Cissy nearly laughed out loud, tension dispersed. The taxi jerked to an erratic halt and those inside made ready to explode out onto the pavement, she with them, Eddie forgotten.
*
‘If only we knew where she was. How she is.’ Doris sighed as she went about her morning chores like some automaton, trying to hold back her silly tears. She’d been holding them back ever since Cissy’s note had been found propped against the clock on the kitchen mantelpiece.
‘If only we knew…’
‘I don’t want ter know.’ Charlie’s tone was hard. ‘And if I did, I wouldn’t trouble meself ter contact ’er.’
He gave a rumbling cough to disguise the void sitting like a lump of iron inside him and which his tone was in danger of betraying.
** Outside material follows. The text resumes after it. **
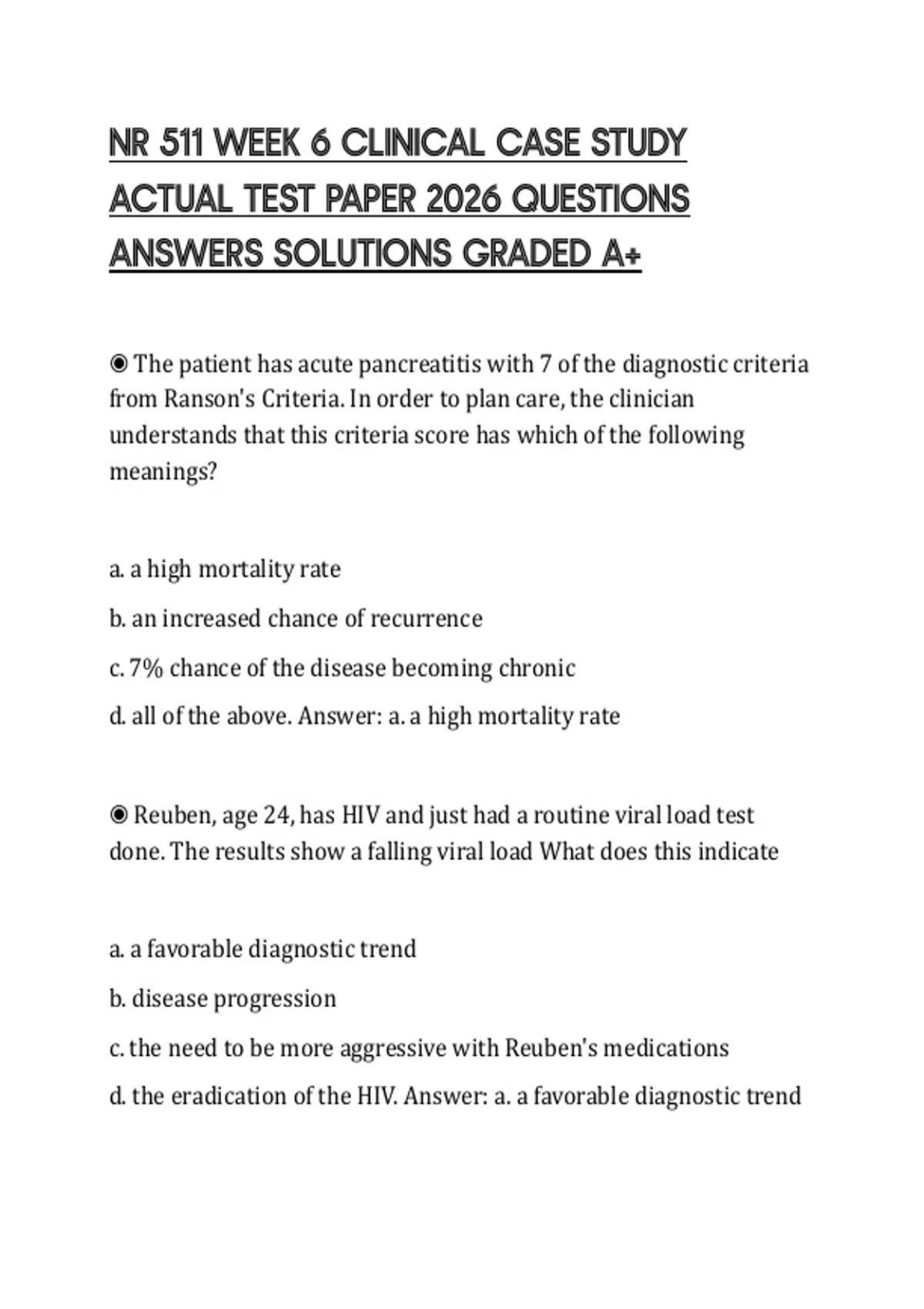 from Ranson's Criteria. In order to plan care, the clinician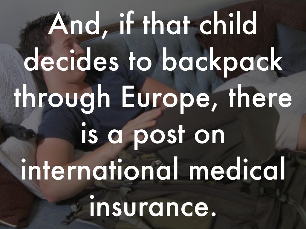 And, if that child decides to backpack through Europe, there is a post on international medical insurance.

Part of him wanted to go looking for her, if he knew where to start. The other part – the part she had injured last Saturday morning when she had sneaked off like a low-down thief, not even a goodbye or any sort of explanation or forwarding address – argued that she wasn’t worth looking for when she’d walked out as she had. That was the bitterest part, the disowning part.
‘All I’ve done fer ’er…’ What he wanted to say was all she meant to him, but he didn’t ‘.…nd that’s ’ow she be’aves. I tell you this Doris, ole gel, I don’t care where she is, but she can bloody well stay there.’
‘You can’t say that about our own daughter.’
He wasn’t listening, railing on to justify himself. ‘Fallen in love with someone else? My bloody foot! I’ll give ’er fall in love.’
‘I only pray she’s all right. P’raps she’ll come back after a while and tell us she’s all right. I won’t never be able to rest until she do come back. We ought really to’ve told the police, but you said…’
‘She went of ’er own fre
e will,’ he cut in savagely. ‘I told you, they’ll only tell you that themselves, there’s nothing they can do.’
‘But what if something awful’s ’appened to ’er?’
‘God knows what Eddie must be feeling right now, poor bugger. All she was to ’im. All ’e was to ’er. That’s what I can’t forgive. ’Er ’urting ’im. She won’t get none better than Eddie, ’ooever this thing is she supposed to ’ave fallen in love with. Fallen in love? I’ll give ’im fallen in love if I ever catch ’im. Salt of the earth, Eddie. And this is what she does to ’im. What ’e must be feeling.’
It was the oldest cliche in the world that trouble never comes singly. Cissy’s letter still lay in the breast pocket of the old coat Eddie went to work in. Not that he had much heart in work.
It had been read and reread, scrutinised, analysed, for whatever tiniest clue that might hold the reason for her leaving, other than the one she had given: that she had found someone else. There had been no forewarning, no apparent cause as far as he could see, nothing.
He had been determined to comb London to find her. Then the day after Cissy’s departure, just as he was about to go looking God knows where for her, had come the second blow – a telegram telling his mother that her sister Lottie had been taken ill.
Aunt Lottie had been taken into the London Hospital where she still lay. She had collapsed with terrible pains while serving her customers. They had called an ambulance which had taken her straight to the hospital. An examination had revealed that she had…. his mother had whispered the word cancer as five hundred years ago they might have whispered plague.
Dreadful news that it was, his mother grief-stricken for her sister, it fell to Eddie, instead of going in futile search of Cissy, to spend much of that weekend instead at the hospital with his mother and father. How could he ask them to dwell upon his own problems when theirs and Aunt Lottie’s were far more crucial?
Tests revealed a hopeless situation, a growth left too long before being found. There had been a lengthy exploratory operation which the surgeon had closed up again as inoperable. Too late. A matter of weeks – two, maybe three – he came grave-faced to announce to the patient’s only sister. Nothing could be done now. It was in God’s hands. He was very, very sorry.